Si algo hace bien el PP es mantenerse imperturbable en la adversidad. Si algo hace mal, es gestionar sus crisis. Me refiero tanto al partido como al propio Gobierno de España. Hay una simpatía como instintiva, la cual fluye con sencillez entre los modos y forma de estar en el mundo de la militancia y estructuras partidistas, por una parte, y el Gobierno de la nación por otra. La gente del PP, por lo general, son personas de orden, de su casa, su familia y sus ocupaciones, todas ellas muy venerables. No aborrecen la calle ni se muestran hostiles a la idea de manifestarse o llevar a cabo acciones similares, pero prefieren estar en acomodo y a sosiego en su hogar y ganar los encuentros por televisión, en todo caso dejando algún que otro comentario en Facebook o enviando una carta al director de un periódico. Alguna vez he citado en este periódico a Pascal y su conjetura, bastante afinada, de que los males de este mundo tienen su motivo en que la gente no sabe estar en casa tranquilamente. De tal modo, no me parece mal sino que, por el contrario, considero muy atinada esa inclinación del militante y votante natural del PP a permanecer en la salita de estar y contemplar lo que sucede fuera desde una actitud serena y bajo techo propio. Si todo el mundo hiciera lo mismo nos evitaríamos muchos espectáculos muy cuestionables, bastantes groserías callejeras y toneladas de demagogia masificada y puesta en la vía pública igual que se abre la puerta de la cuadra y se echa a pastar al ganado.

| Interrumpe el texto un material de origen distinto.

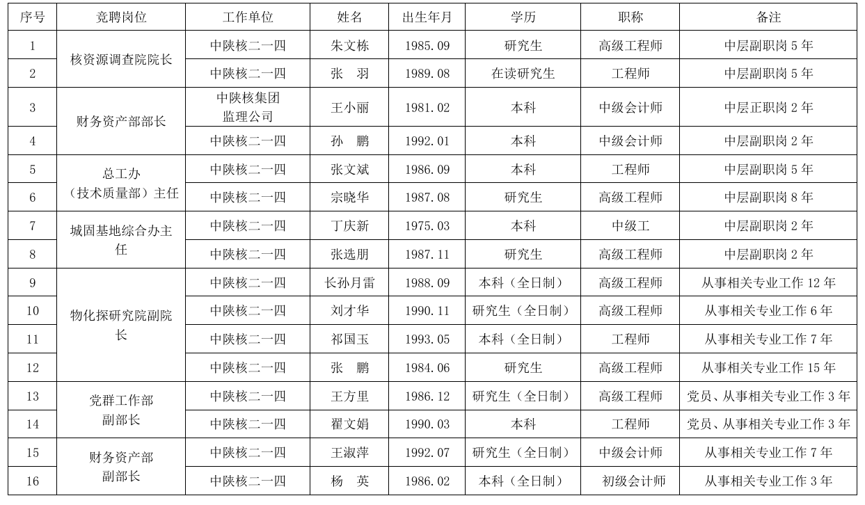根據中陜核工業集團二一四大隊有限公司《中層管理人員選聘工作方案》有關要求,現對資格審查通過的報名人員予以公示: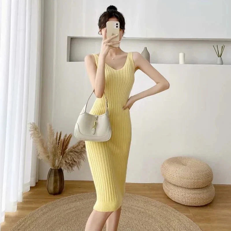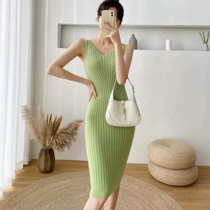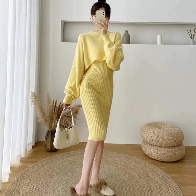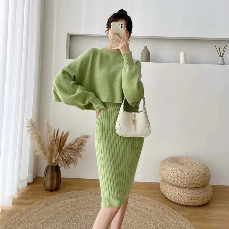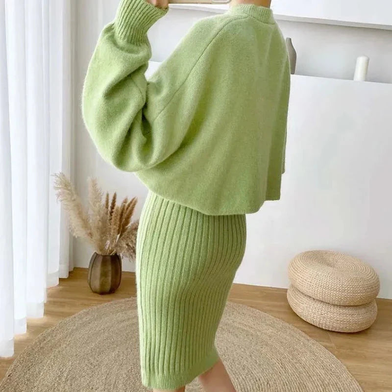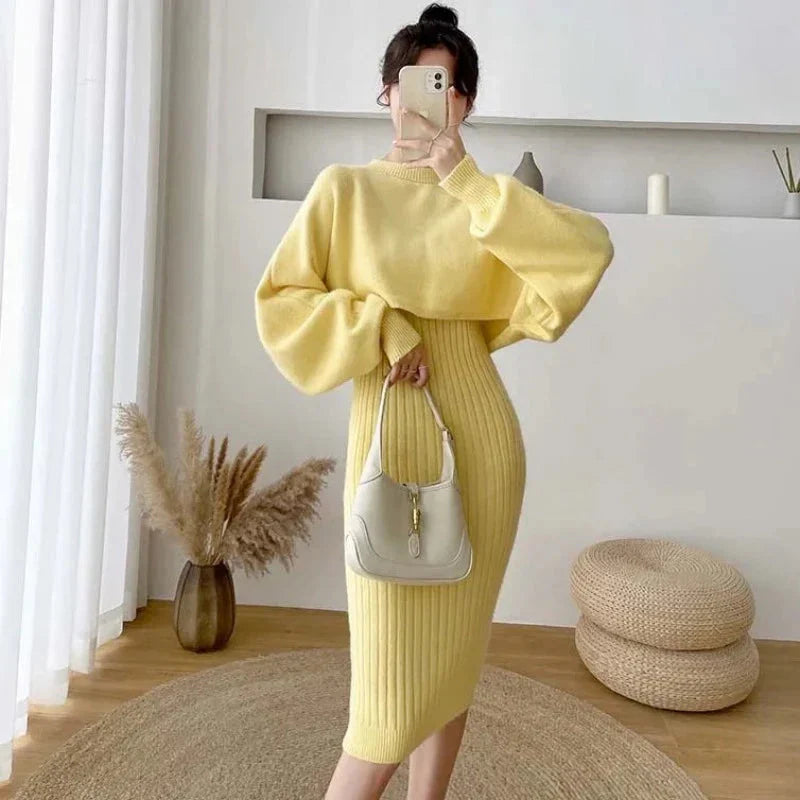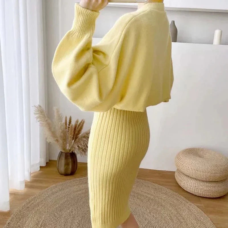 Představujeme vám pletenou sadu domácího oblečení s elegantními šaty, ideální pro chladnější podzimní a zimní dny. Tato elegantní sada s kulatým výstřihem, dlouhými rukávy a žebrovanými midi šaty v tlumených odstínech béžové, zelené, žluté a modré kombinuje pohodlí s decentností.

Pero una cosa es la tendencia, tan respetable, a la pasividad reflexiva de las buenas personas y otra la inalterabilidad imprudente de un Gobierno. No se puede permanecer, tal como está sucediendo, con ademán de palo ante una crisis ideológica (y sentimental) como la derivada tras el célebre fallo del tribunal de derechos humanos de Estrasburgo. Nuestro Gobierno (no el del PP, el de todos), ha hecho lo que acostumbra: encogerse de hombros, acatar la sentencia de aquellos angélicos árbitros, permitir que se ejecute con celeridad escandalosa y consentir que las únicas voces oficiales que se han escuchado sobre este escándalo, amplificadas, hayan sido las unánimes de la Audiencia Nacional, poniendo en la calle a terroristas convictos, o la del fiscal Calparsoro aduciendo bobadas presuntamente jurídicas para admitir que “Del Río ya no es una terrorista porque ha cumplido su condena”.
En un asunto como este, por más explicaciones que Gallardón y Fernández Díaz dieran en comparecencia ante los medios tras conocerse el fallo de Estrasburgo, la realidad es ni más ni menos “lo que parece ser real”. Y lo real se percibe en el fenómeno. La inmensa mayoría los ciudadanos no se explica por qué de la noche a la mañana empiezan a salir etarras, violadores y asesinos múltiples de la cárcel y regresan a la calle, tan panchos y contentos.
No importa ahora si toda esta tramoya es resultado de un compromiso de baja estofa entre el anterior presidente del Gobierno, alguno de sus pintorescos Gobiernos y el entorno etarra para conseguir el alto el fuego de la banda de asesinos; no importa si la sentencia de Estrasburgo estaba más pactada que un combate de boxeo en Las Vegas. La realidad es que ahora, les guste o les disguste, el Partido Popular y el Gobierno del Partido Popular van a tener que soportar el goteo incesante, doloroso, irritante, de excarcelaciones encadenadas. Cada vez que un indeseable rescatado por Estrasburgo salga de prisión, la sociedad en general y los votantes del PP en particular van a sufrir una coz donde más duele: en su sentimiento del decoro cívico y su autoestima como ciudadanos decentes. Eso se llama crisis, aquí y en Madrid. Y a las crisis hay que hacerles frente en su terreno. No sirve intentar aliviar el profundo desasosiego de las víctimas del terrorismo, y de quienes com-padecen con ellos, con datos esperanzadores sobre la recuperación económica. No sirve, en este caso, quedarse en casa (en el despacho de Moncloa), y esperar que el descenso del desempleo y el crecimiento del PIB solucionen la próxima papeleta electoral; entre otras razones porque una parte no desdeñable de los votantes del PP (sus votantes naturales), son personas que pueden comprender los sacrificios de una crisis económica, pero no la humillación y la derrota ante lo que consideran una agresión moral de dimensiones intolerables.
A ver qué hacen. Los que votan y los que no votamos al PP necesitamos urgentemente que nuestro Gobierno haga algo, ya, para evitar esta amargura que la torpeza de unos y la insidia de otros amenazan con servirnos en perversas dosis, a cucharada diaria y hasta sabe la Audiencia Nacional cuándo.